Não sou psicóloga, mas sou há muitos anos voluntária em instituições que funcionam em comunidades vulneráveis e dão suporte moral, emocional, psicológico e educativo a crianças e jovens que vivem com graves dificuldades ou são filhos de famílias muito disfuncionais. Sei de casos terríveis de pais que batiam nos filhos com chicotes eléctricos só porque eles próprios estavam sob efeito de álcool ou drogas; conheci e conheço pessoalmente pais e mães vítimas de espancamentos dos próprios filhos, mas também muitos jovens que foram condenados a penas desproporcionadas por trazerem más notas para casa.

Há mais de uma década um destes jovens era literalmente pendurado na corda da roupa, suspenso sobre o vazio de uma altura de três andares, sempre que as notas não conferiam com as expectativas do pai. Pendurado como um Cristo, ali ficava sozinho com os seus pavores e vertigens até o carrasco voltar a abrir a janela para o retirar do castigo.

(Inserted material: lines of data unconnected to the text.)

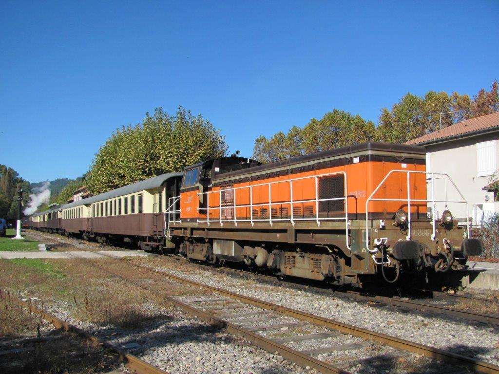 En gare de Saint-Jean-du-Gard, la locomotive BB 63812 Brissonneau et Lotz vient d’ajouter deux voitures supplémentaires en tête du Train à Vapeur des Cévennes, le dimanche 30 octobre 2016. Copyright : Edouard Paris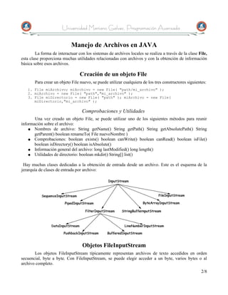 Este documento describe los métodos para manejar archivos en Java, incluyendo la creación de objetos File, la lectura y escritura de archivos mediante FileInputStream, FileOutputStream, DataInputStream y DataOutputStream, y el acceso aleatorio a archivos usando RandomAccessFile. Explica cómo abrir, leer, escribir y cerrar archivos, así como obtener información sobre ellos.
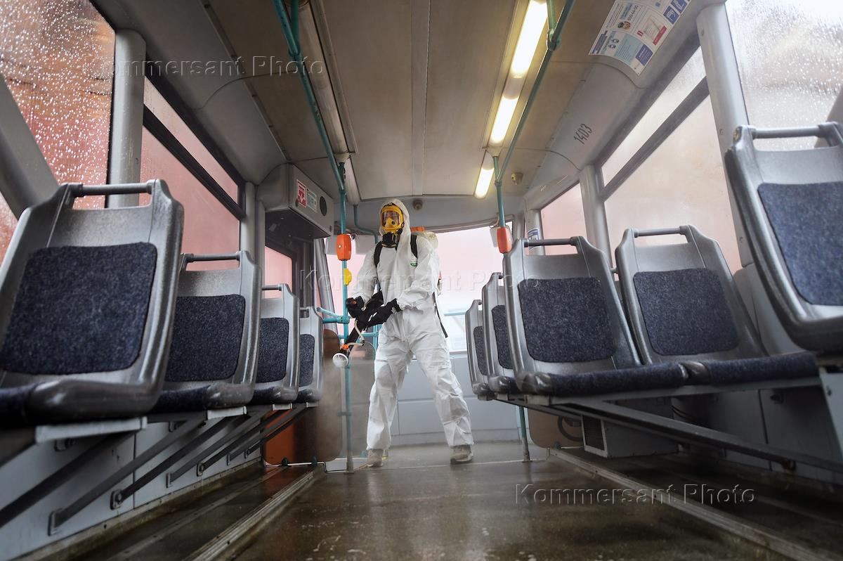Этапы дезинфекции подвижного состава компании "Горэлектротранс" в Трамвайном парке №1. Сотрудник…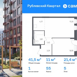 Строим кварталы для жизни с заботой о будущем. Предлагается 1-комнатная квартира комфорт-класса 41, 53 кв.м в корпусе 55 на 5 этаже, в ЖК «Рублевский Квартал» Квартира с чистовой отделкой. Доступность дополнительных опций уточняйте у застройщика. Приобрести квартиру возможно...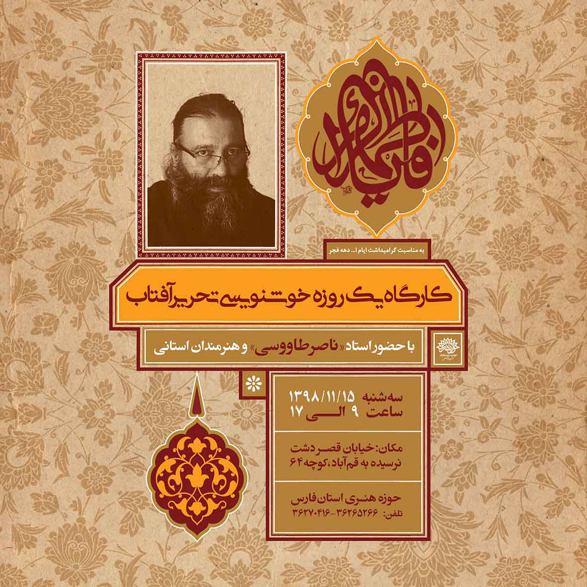 به گزارش روابط عمومی حوزه هنری استان فارس، امیرحسین عبادیان ضمن بیان این خبر اظهار داشت: روز سه شنبه 15 بهمن ماه کارگاه یک روزه خوشنویسی "تحریر آفتاب" در حوزه هنری فارس برگزار شد.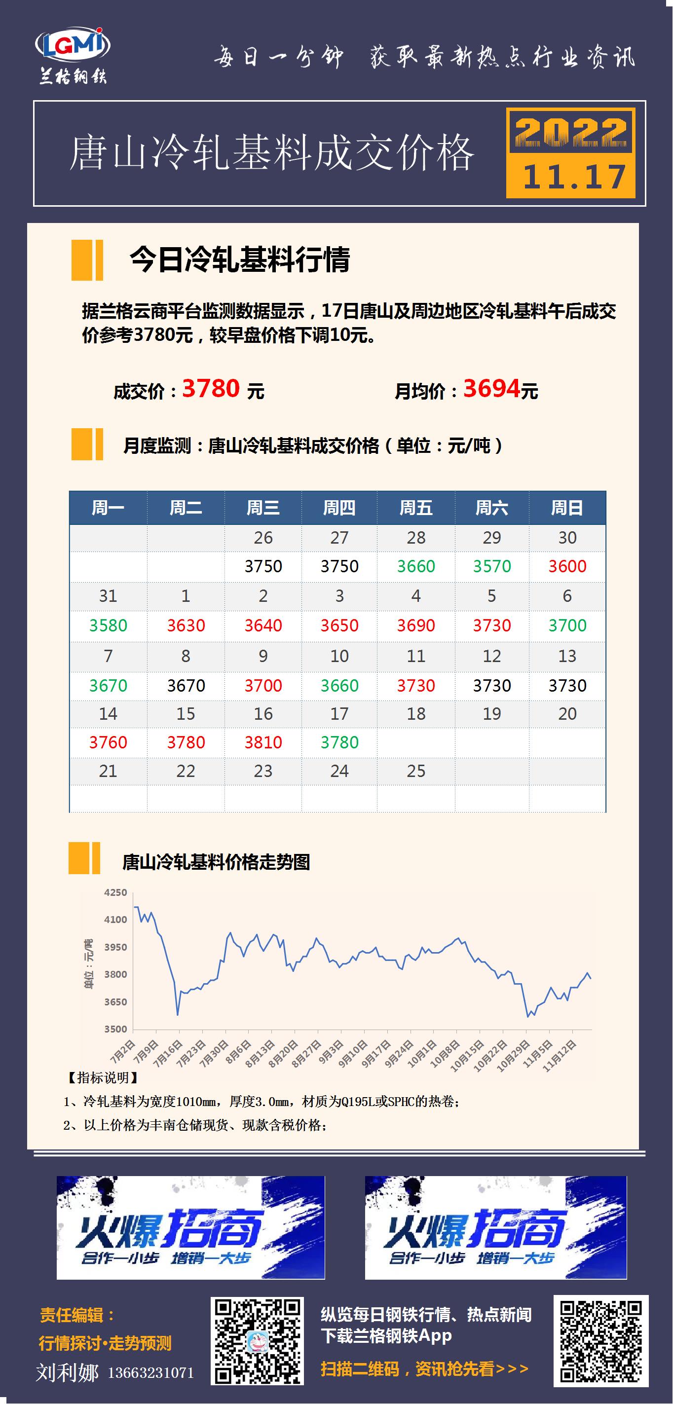 - 11月17日兰格钢铁网废钢流通基准价格指数2538涨82022/11/17
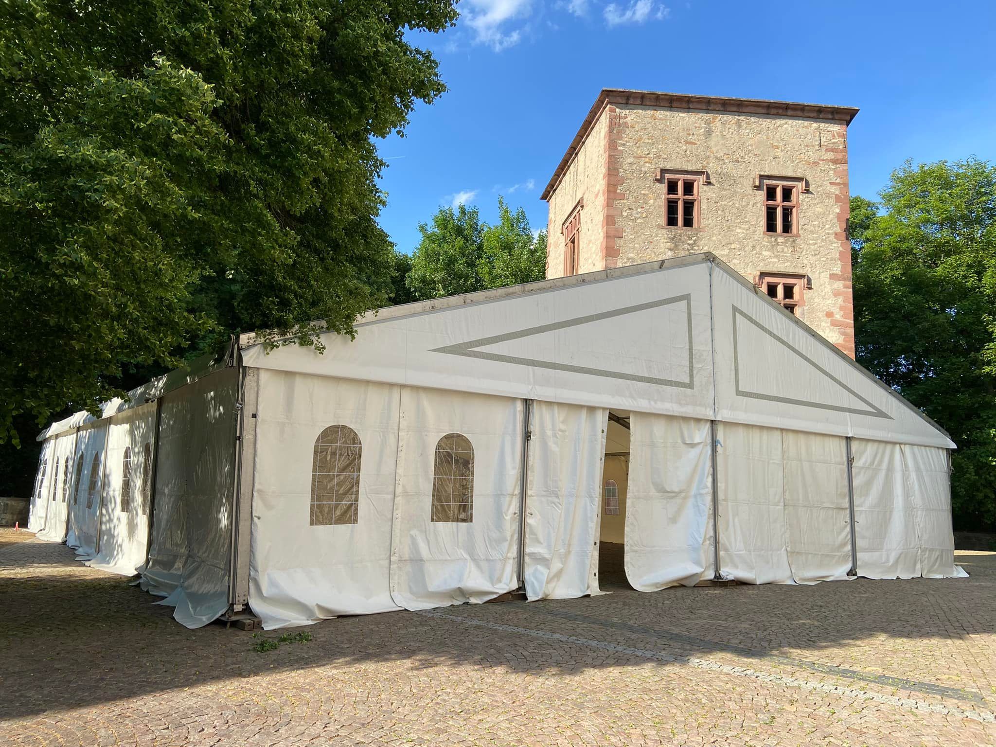 Heusenstammer Sommer - Zelt am Bannturm steht.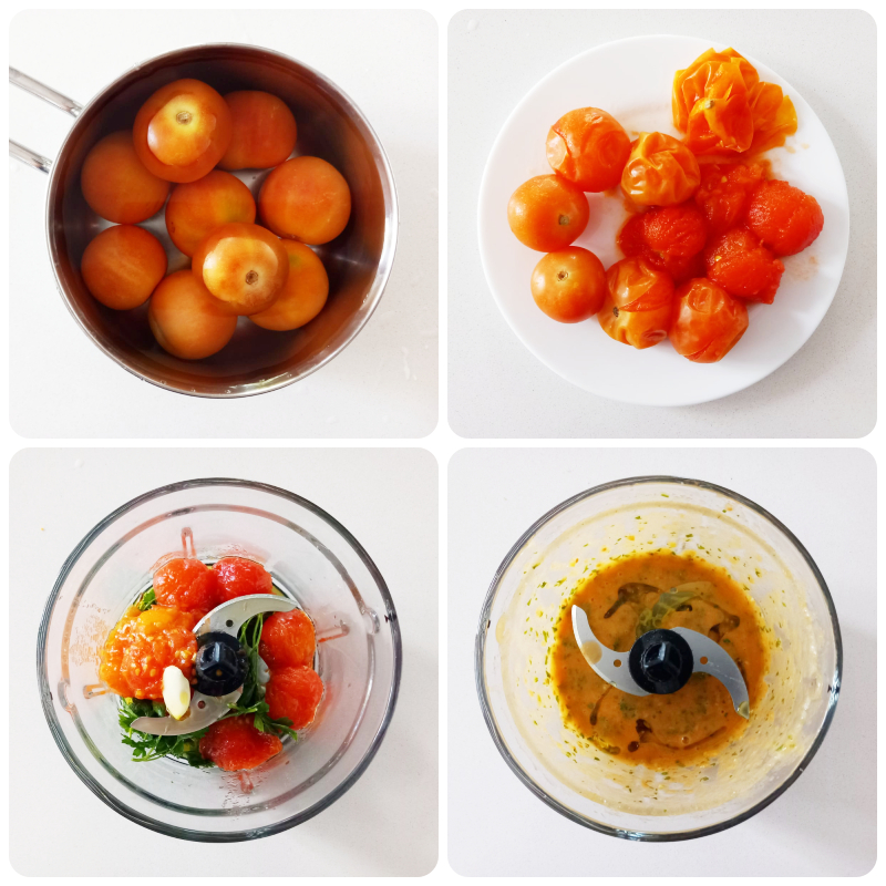 Em um mixer, coloque os tomatinhos descascados, a salsinha lavada, o dente de alho sem casca, o sal e a pimenta. Ligue o mixer e bata tudo, adicione aos poucos o azeite de oliva extra virgem até obter um molho com consistência adequada.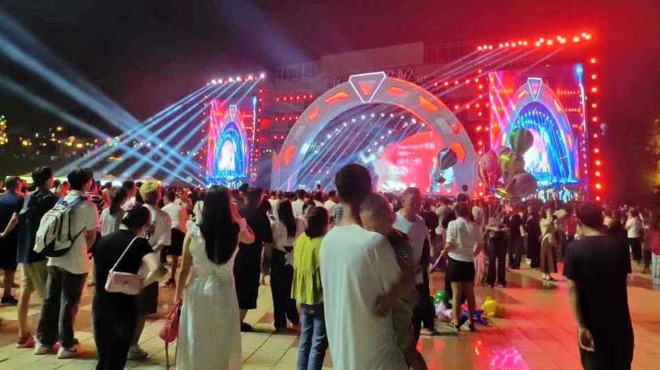 走到廣場中心,燈光閃爍,人群熱鬧非凡,為舞臺上的大涼山歌手而歡呼,為自由的歌聲而沉醉。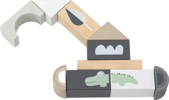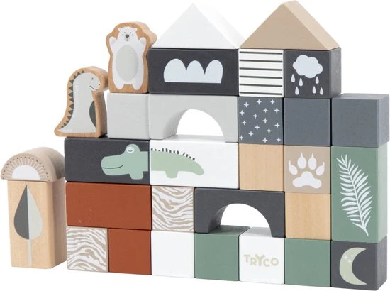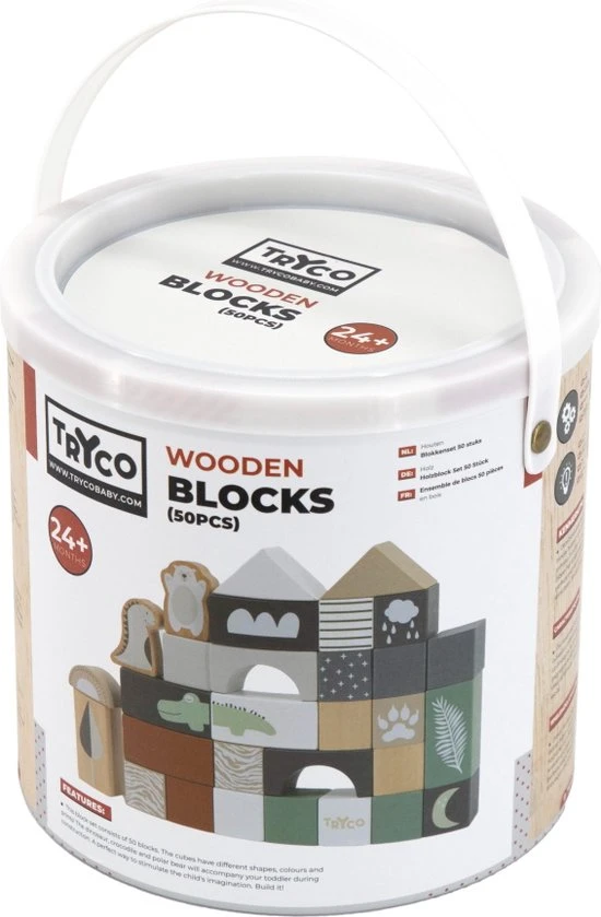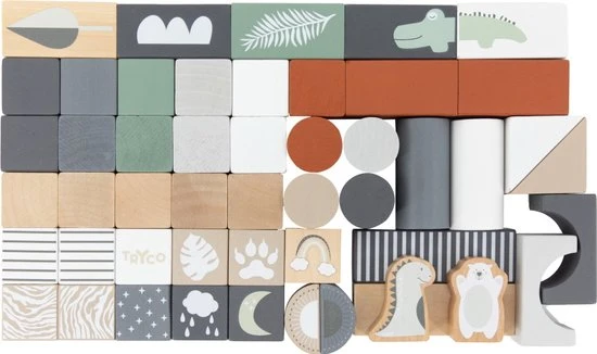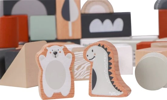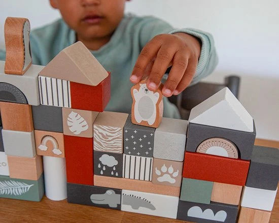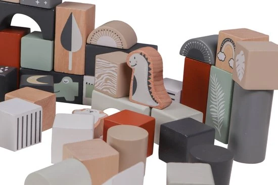 Deze blokkenset bestaat uit 50 stuks blokken. De blokjes zijn gemaakt van degelijk hout en hebben verschillende vormen, kleuren én printjes! Zo zullen de o.a. de dinosaurus, krokodil en ijsbeer het kindje vergezellen tijdens het bouwen.

Todos estes casos de que falo foram acompanhados por especialistas que nunca revelarão nomes nem detalhes que permitam saber de quem estamos a falar. Por isso mesmo e porque foi possível guardar e manter o anonimato, todos foram resgatados e conseguem agora viver uma vida mais normal e menos adversa. As marcas continuam lá e guardam todas as cicatrizes, mas não terão que lidar nunca com feridas expostas ao mundo.

Foram reabilitados (falo dos pais e dos filhos, por incrível que isso pareça, pois uns e outros foram sujeitos a tratamentos e todos foram capazes de superar traumas incrivelmente profundos) e isso foi possível graças a bons especialistas e a um tempo demorado, em que se trabalharam competências e se converteram fragilidades em forças. Se estes casos tivessem chegado à televisão teriam certamente rebentado a escala das audiências e dado muito dinheiro a ganhar aos poucos que dividem os lucros, mas nunca teriam sido acompanhados com a dignidade, a competência e a coragem com que foram acompanhados e resgatados.

Por conhecer estes e outros casos, termino como comecei: abomino o conceito do programa SuperNanny, acho-o uma aberração total e uma fraude em toda a linha. Está a um passo de se tornar a nova casa dos horrores, insisto.